To estimate density, DBSCAN relies on two key parameters: \(\varepsilon\) (or eps) and minPts. The former defines the maximum radius of a neighborhood around a point, while the latter specifies the minimum number of points required within this neighborhood for a point to be considered a core point. Based on these parameters, three types of points are defined:

  • Core Point: A point that has at least minPts neighbors (including itself) within its eps neighborhood. Core points represent dense regions that form the backbone of clusters.

  • Border Point: A point with fewer than minPts neighbors in its eps neighborhood, yet lies within the \textit{eps} neighborhood of a core point.

  • Noise Point: A point that is neither a core point nor a border point. Such points are considered outliers and do not belong to any cluster.
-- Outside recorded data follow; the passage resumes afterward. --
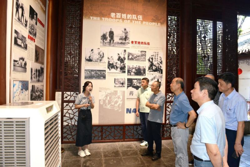 活动首先抵达新四军驻高淳办事处旧址。1938年8月,为开通茅山抗日根据地和皖南新四军军部的通道,新四军第一支队政治部决定组成民运工作组,在高淳县城开展地方工作,对外称新四军驻高淳办事处。87载岁月更迭,这里仍完好保存着抗日战争时期新四军工作、生活的实物与场景。在讲解员的引导下,大家依次参观历史展厅、办公生活旧址及文物陈列柜,在泛黄的文件、陈旧的物品与珍贵的历史照片中,重温新四军在高淳地区宣传发动群众、开展统战工作、建立抗日地方组织、开辟抗日根据地的峥嵘岁月。随着讲解员的深情讲述,大家仿佛穿越至战火纷飞的年代,深刻感悟抗战胜利的来之不易,纷纷驻足在史料前久久凝视,轻声交流间,满是对抗日先烈的崇敬之情。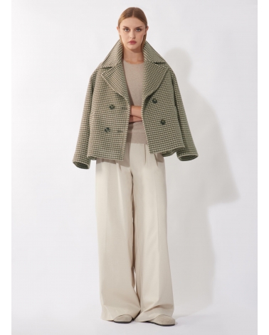 Cappotto corto doppio petto oversize taupe scuro in pura lana con fantasia pied de poule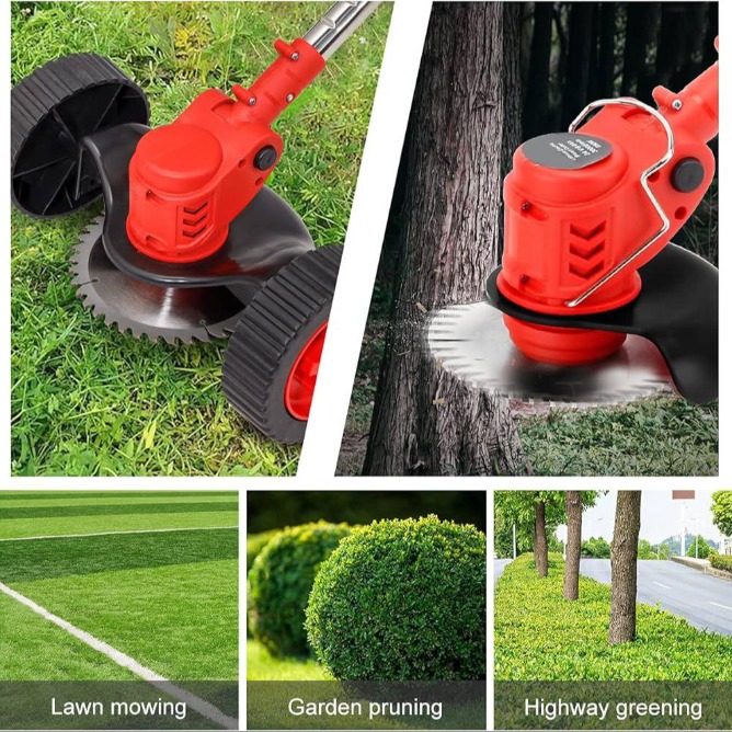 Professional Electric Gardening Tool, lithium battery has UN and MSDS certification. Our accessories include 1 x Electric Weeder; 1 x Circular Saw Blade; 2 x Battery; 1 x Charger; 4 x Plastic blade; 2 x Stainless steel blade; 1 Set of Accessories.; Please ensure that the mower is properly maintained up in time after each mowing for later use.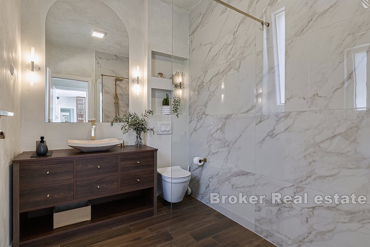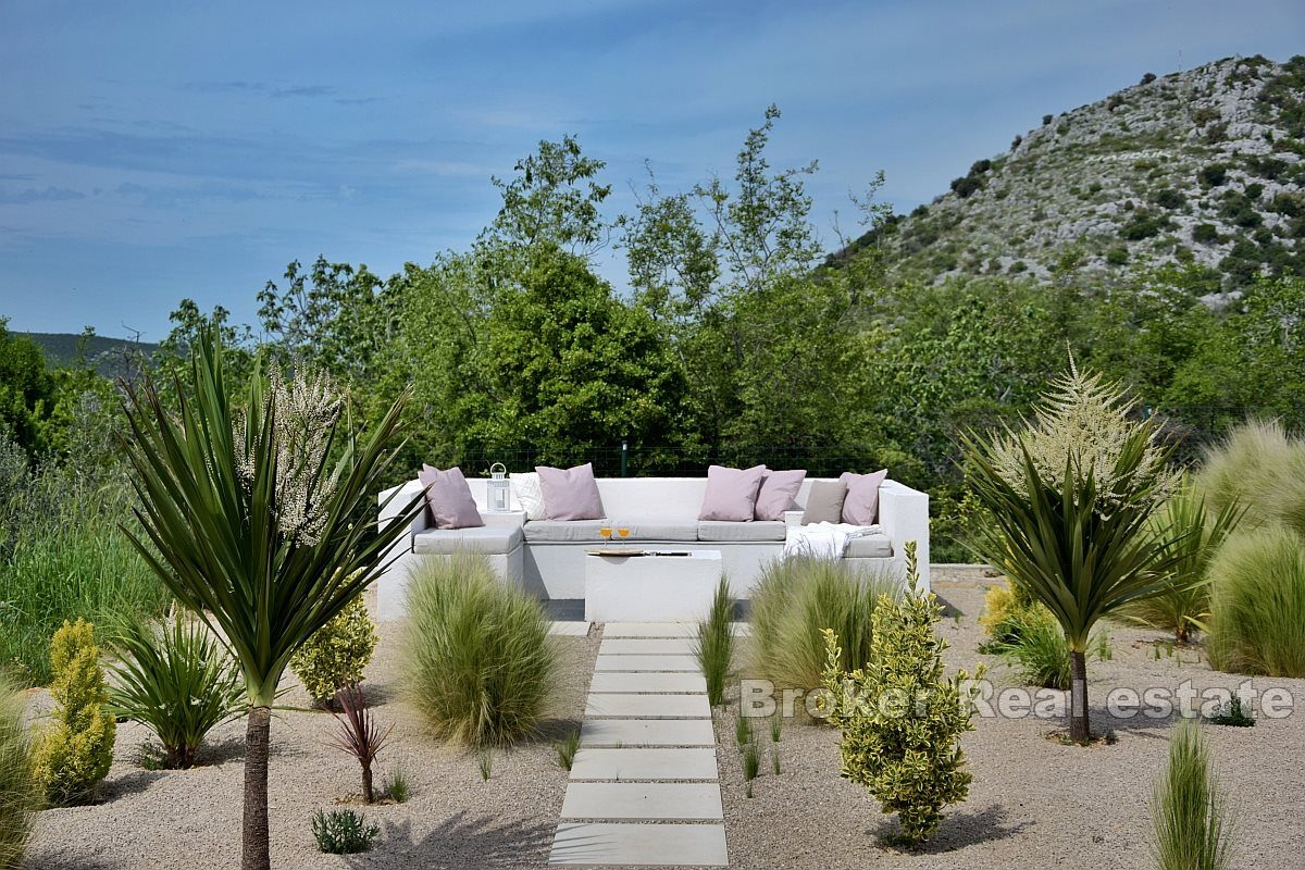 Tento dům hladce splývá s autentickou krajinou dalmatského vnitrozemí a nabízí pocit naprostého soukromí a klidu. Současný interiér ladí s přírodou a vytváří dokonalou synergii designu a přírodní krásy.

The algorithm begins with an unvisited data point, referred to as the point of interest. Then, It identifies all points within the eps distance of this point. If the number of neighboring points is less than minPts, the point is temporarily labeled as noise (it may later become a border point if it falls within the eps neighborhood of a core point). Otherwise, the point is identified as a c ore point, and a new cluster is initiated.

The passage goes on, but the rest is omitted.